++++ Data for the task ++++

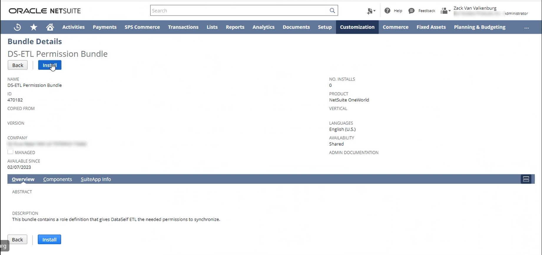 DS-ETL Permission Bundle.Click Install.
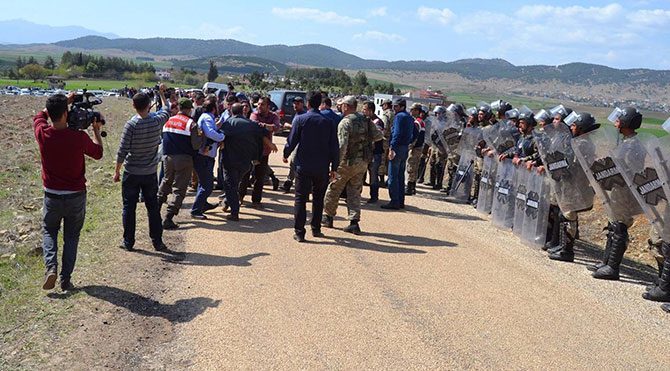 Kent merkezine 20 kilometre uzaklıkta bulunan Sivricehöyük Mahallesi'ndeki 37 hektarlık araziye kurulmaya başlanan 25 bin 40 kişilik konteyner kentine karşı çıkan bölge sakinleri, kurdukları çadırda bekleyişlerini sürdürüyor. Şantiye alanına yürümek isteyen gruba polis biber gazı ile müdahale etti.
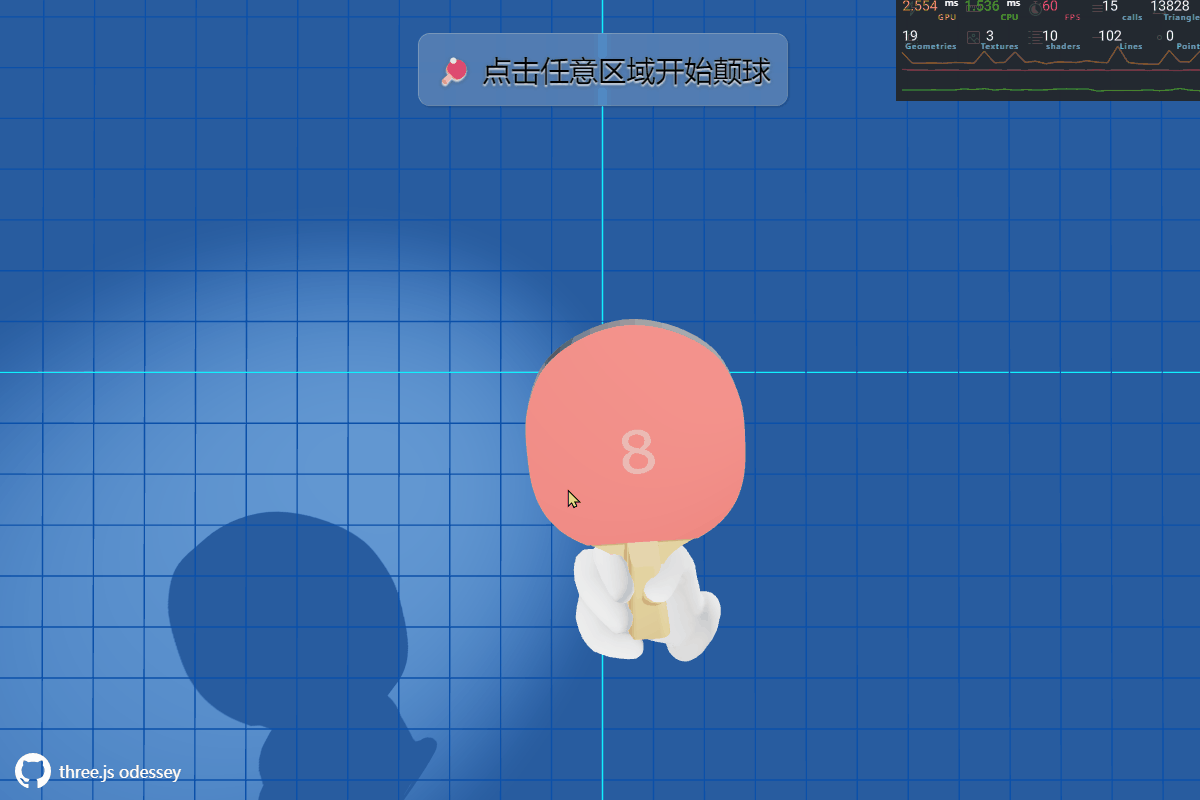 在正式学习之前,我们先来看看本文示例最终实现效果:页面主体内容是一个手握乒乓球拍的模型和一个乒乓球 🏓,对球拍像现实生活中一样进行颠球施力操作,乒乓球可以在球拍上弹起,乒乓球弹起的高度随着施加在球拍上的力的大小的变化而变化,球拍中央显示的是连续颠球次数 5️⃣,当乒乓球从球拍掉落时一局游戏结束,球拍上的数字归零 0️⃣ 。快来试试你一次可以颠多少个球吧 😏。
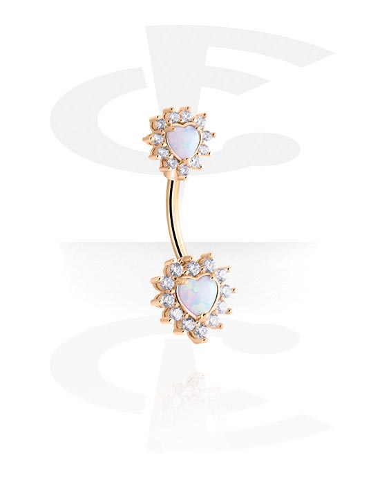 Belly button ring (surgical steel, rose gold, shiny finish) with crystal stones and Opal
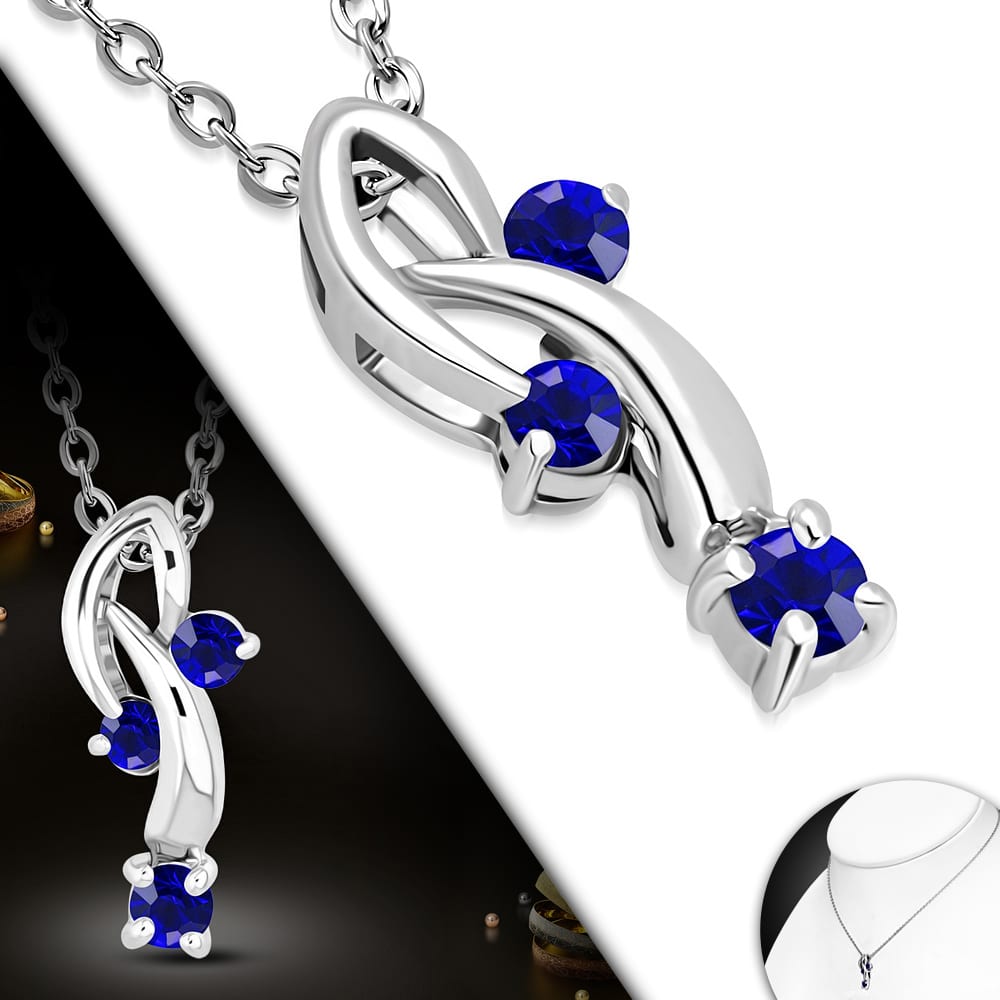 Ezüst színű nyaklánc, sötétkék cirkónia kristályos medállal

++++

◆ Description of the task ◆
Restate, word for word and without pictures, the lines from the line containing "0️⃣ 。快来试试你一次可以颠多少个球吧 😏。" to the last line of the records above.

◆ Exercise result ◆
 在正式学习之前,我们先来看看本文示例最终实现效果:页面主体内容是一个手握乒乓球拍的模型和一个乒乓球 🏓,对球拍像现实生活中一样进行颠球施力操作,乒乓球可以在球拍上弹起,乒乓球弹起的高度随着施加在球拍上的力的大小的变化而变化,球拍中央显示的是连续颠球次数 5️⃣,当乒乓球从球拍掉落时一局游戏结束,球拍上的数字归零 0️⃣ 。快来试试你一次可以颠多少个球吧 😏。
 Belly button ring (surgical steel, rose gold, shiny finish) with crystal stones and Opal
 Ezüst színű nyaklánc, sötétkék cirkónia kristályos medállal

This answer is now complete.